Издав фырканье, я дёрнула ручку и первой зашла в кампус, не ожидая и не желая, чтобы эта троица вышагивала за мной, но три пары ног стучали по плитке за спиной, заполняя эхом пустые стены. Благо, что никто не увидит меня в этой компании, потому что все разъехались по домам на каникулы. Открыв дверь в комнату, где, как и в последний раз было чисто, я мысленно порадовалась тому, что не услышу любимые нотации мамы. Не зная, что делать дальше, я просто скинула пальто на стул, искоса взглянув на лица родителей, которые выражали открытое отвращение к комнате, которую я когда-то делила с Сам, и которая оставила рамку с нашей общей фотографией.

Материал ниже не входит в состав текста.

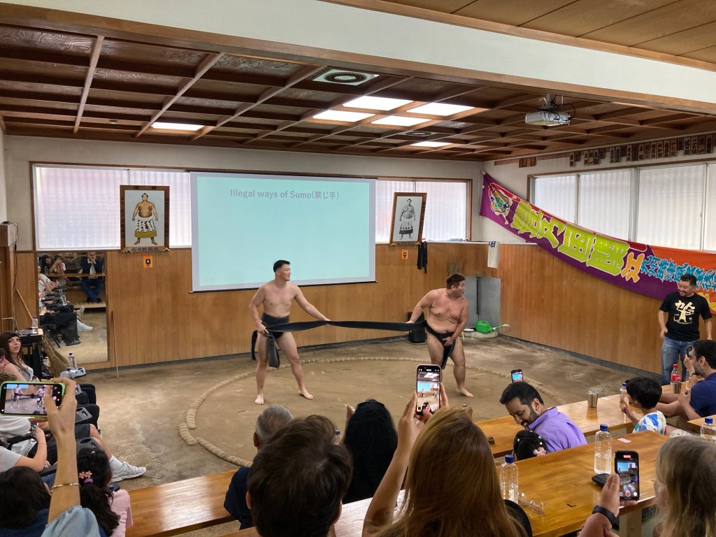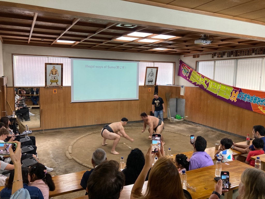 The booked event was a Sumo show (note the pun in the title of this blog 🙂). It was fun and educational, starting with a brief lecture on the history and basics of Sumo wrestling before a couple of retired Sumo wrestlers came out to do demonstrations.
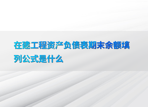 在建工程资产负债表期末余额填列公式是什么
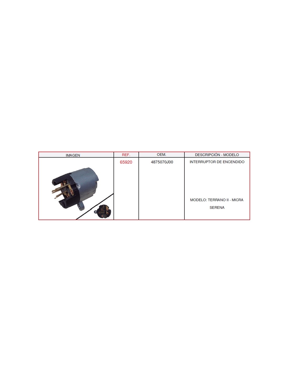 INTERRUPTOR DE ENCENDIDO NISSAN TERRANO II MICRA SERENA FORD MAVERICK

Проглотив ком из слёз, я уперлась глазами в фотографию, где Саманта показывала язык, повесив на плечо Полли руку и склонив к ней голову, вторая же в свойственной ей манере скрестила руки под грудью и попыталась выдавить улыбку; Мария крепко обхватив мою шею, сделала губы бантиком, вместе с ней это сделала я, а за нами Оливер и Алан, оба они широко улыбаются, пока первый обнимает моего лучшего друга за плечи и показывает средний палец. Тело задрожало, а первая слеза сбежала по щеке, но я тут же её смахнула, чтобы никто не видел то, как сломила меня смерть Алана. Как же долго мы делали это фото, но даже оно получилось немного смазанным, потому что после снимка, телефон упал на землю. Нам было так весело и хорошо вместе. На кадр смотрела не только я, искоса я успела заметить, что Арчер рассматривает каждого на снимке. В эту секунду в комнату, как по зову сердца ввалился Оливер. Увидев сей сбор в моей комнате, он успел только открыть рот и обвести взглядом присутствующих.
– Не знал, что ты раздвигаешь ноги сразу перед несколькими, – лениво цокнул отец.

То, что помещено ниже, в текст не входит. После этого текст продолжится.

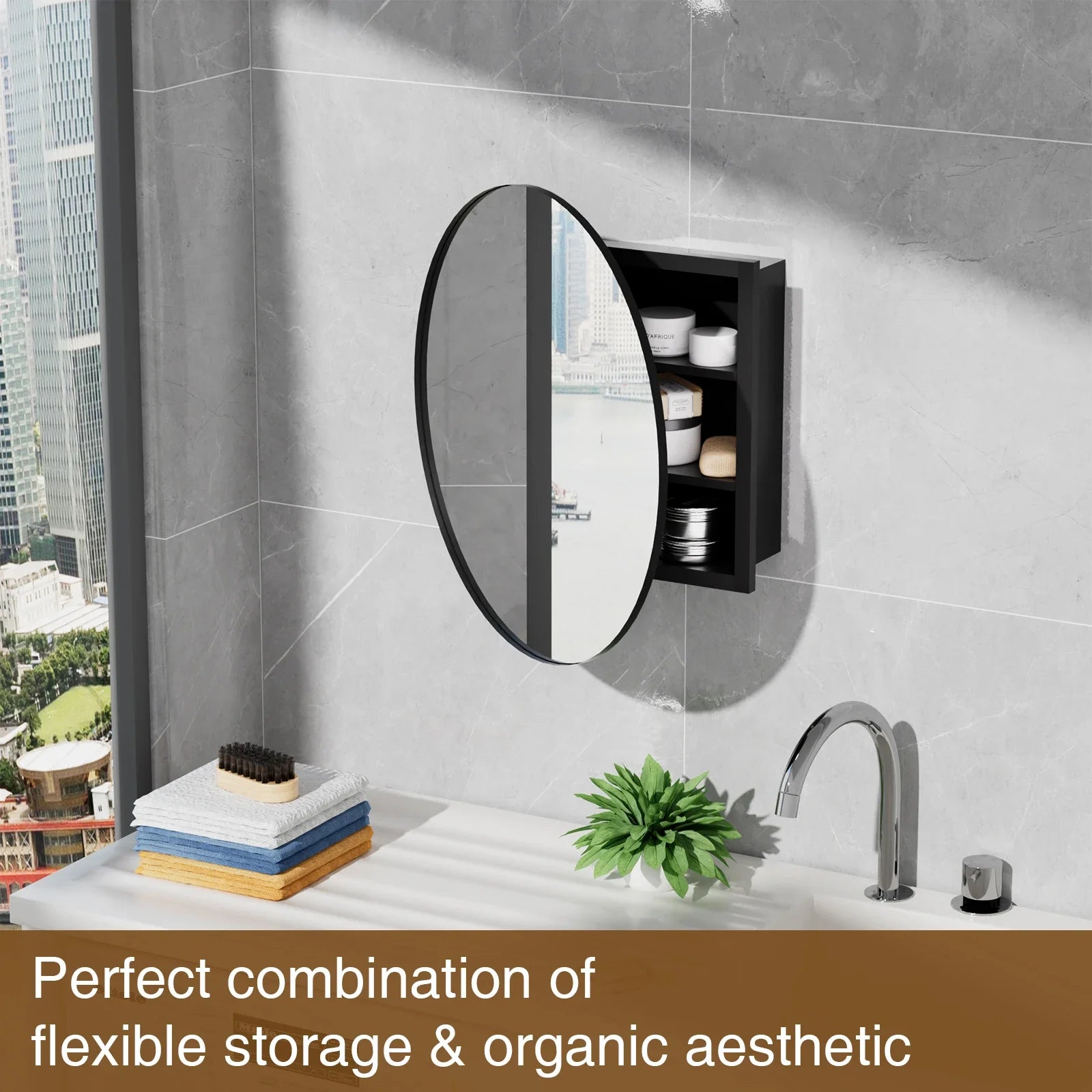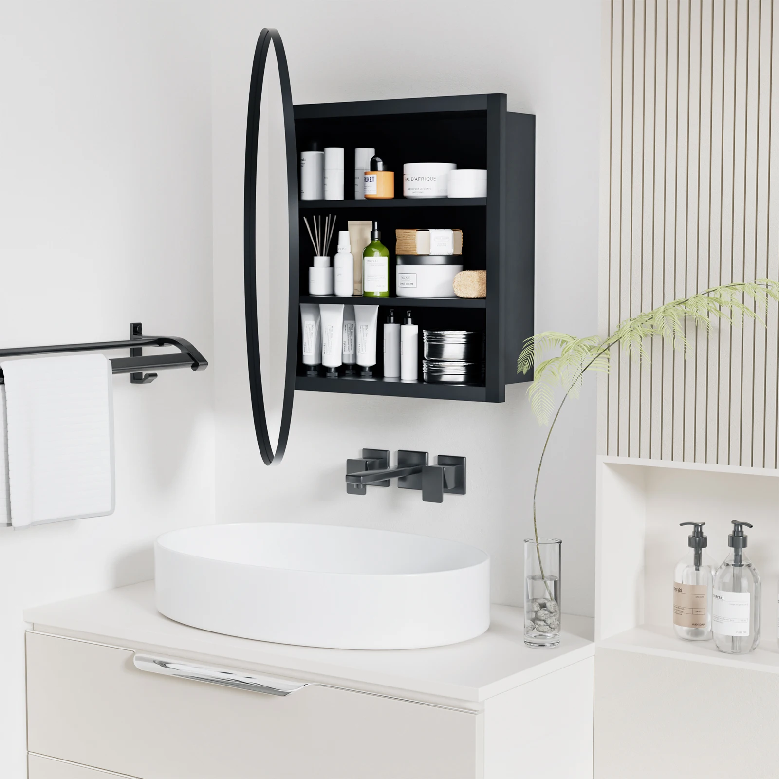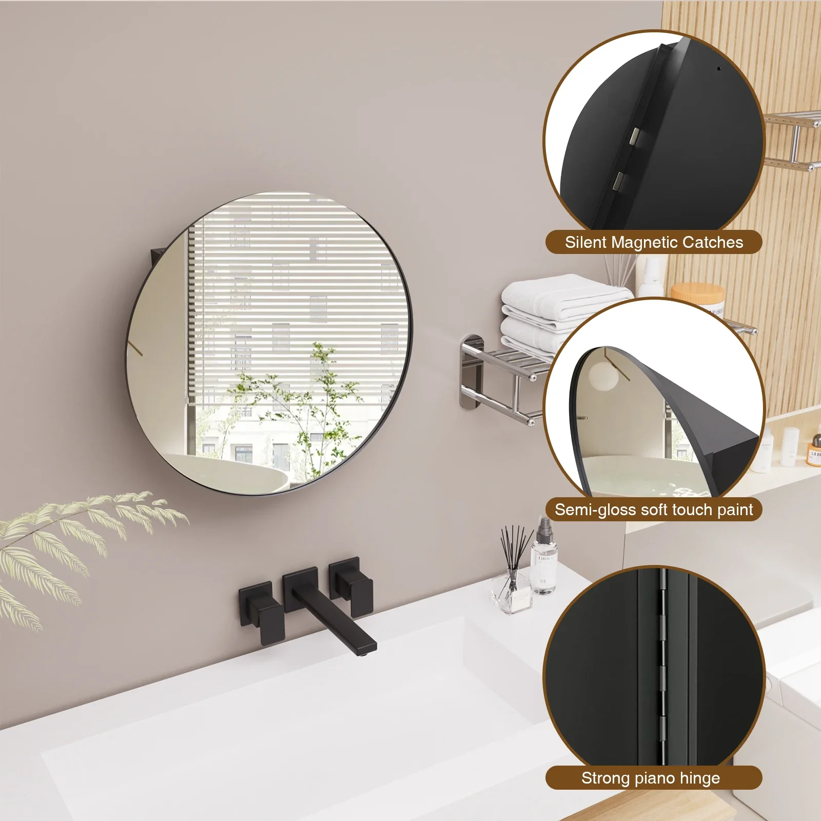 Elegant and delicate style: in addition to being practical furniture, this round wall storage cabinet combine an elegant style to decorate your bathroom, kitchen, entryway or other places in your home. The black finish and single door design can perfectly integrate various decorative styles.
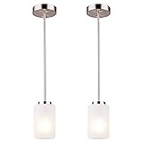 White Frosted Glass Shade Design: This hanging ceiling light fixture combines brushed nickel finish metal fittings and white frosted cylinder glass lampshades, provide plenty of illumination. Perfect for bedroom, living room, dining room, coffee, kitchen, hallway, bar club, loft, and any living areas
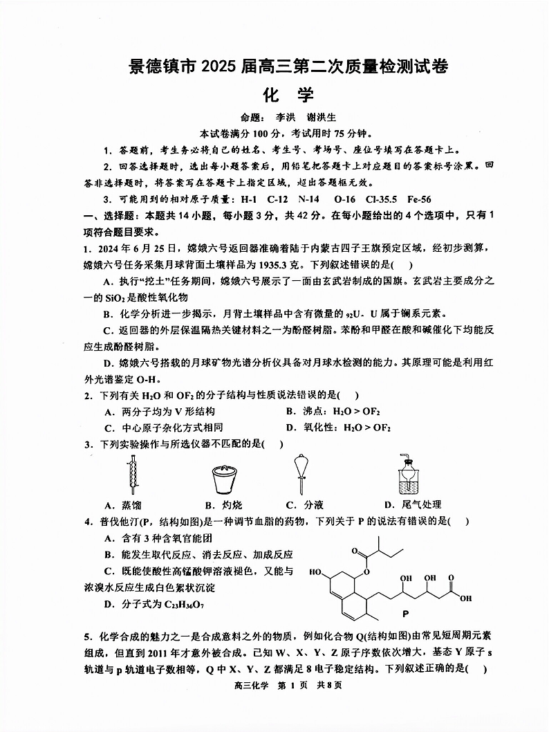 江西省景德镇市2025届高三上学期1月第二次质量检测(二模)化学+答案

Рот Оли был готов порваться, но он стукнул зубами, плотно сжав челюсть. От пошлого Оливера, который вечно подкатывает ко мне свои яйца – не осталось и следа.

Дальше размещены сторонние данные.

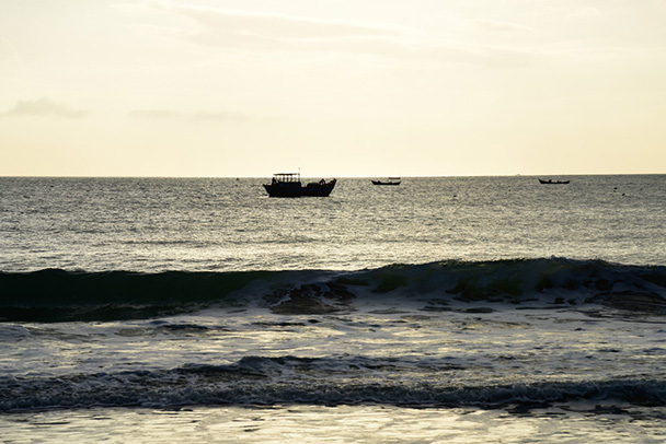朝の逆光をいかし、少しアンダーに撮ることで船や海の表情をドラマチックに見せています。
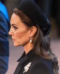 キャサリン皇太子妃は14日に、当時のチャールズ皇太子がカミラ夫人との不倫を認めた1994年6月に行われたパーティの当日に、ダイアナ妃がかの有名なリベンジドレスとともに身に着けていたパールのドロップイヤリングと、エリザベス女王から譲り受けたブローチを付けていたことが話題になった。そして国葬には、アレキサンダー・マックイーンの黒いコートドレスに、エリザベス女王のパールの4連のチョーカーとドロップイヤリングを着用。
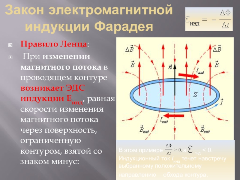 В этом примере а инд < 0. Индукционный ток Iинд течет навстречу выбранному положительному направлению обхода контура.
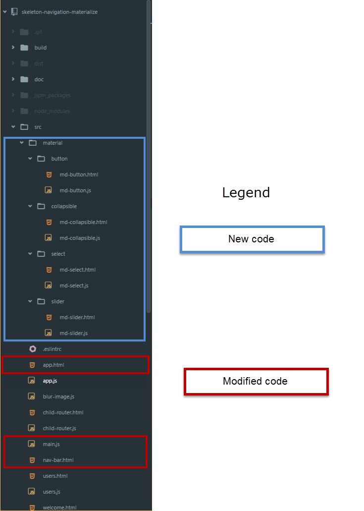 In order to clearly separate the added code from the original Aurelia Navigation Skeleton, the original project structure is changed to this:
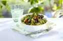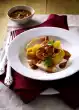 Add fish stock, white wine and cream while stirring. Bring to the boil and simmer for about 5 minutes, stirring in between. Put the pasta in plenty of boiling salted water and cook according to the package instructions (in this case 10 minutes). Drain the fish. Heat 20-30 g fat in a coated pan and fry the salmon for approx. 4 minutes, turning it over. Season with pepper. Stir saffron into the sauce and season with salt, pepper and Pernod. Add salmon cubes to the hot sauce. Wash the dill, dab dry and chop finely, except for a little for garnishing. Drain the pasta, rinse briefly in cold water and drain. Arrange noodles and sauce on 4 plates.

– Мы можем поговорить? – обратился ко мне друг, явно с трудом сдерживая едкие замечания в сторону отца, который желал их услышать.
Молча кивнув, я сделала несколько шагов в сторону двери, как пальцы отца впились в моё плечо, а глаза пуговицы втоптали меня в землю.
– Твой очередной дружок подождёт своей очереди, – скалился отец.
– Эй, ты, – позвал его Оливер, удивляя тоном и выбранным обращением Арчера и маму, отец же лениво повернул голову в его сторону, словно получил желаемое.
– Эй, ты? – цокнул отец, рассматривая Оли с ног до головы, – мальчик, попроси маму приготовить тебе обед в школу.
– Ха—ха—ха, обосраться можно, оказывается, эта чопорная морда шутить умеет, дайте ему приз лучшего комика и пусть он валит, – с насмешкой, язвил друг, чему улыбнулась даже я, так с ним ещё никто не разговаривал. Желание отсалютовать Оли пять – было бы хорошей идеей, но я сдержалась, а его лицо полностью сменилось на непроницаемое, – я положил свой большой член на тебя и то, что ты решил поговорить с ней первым. Да, ты не ослышался, большой, и когда я говорю большой, я имею в виду очень большой. Наш общий лучший друг умер, и сейчас именно я поговорю с ней, и только потом позволю это сделать тебе, и то, если мы не решим свалить отсюда.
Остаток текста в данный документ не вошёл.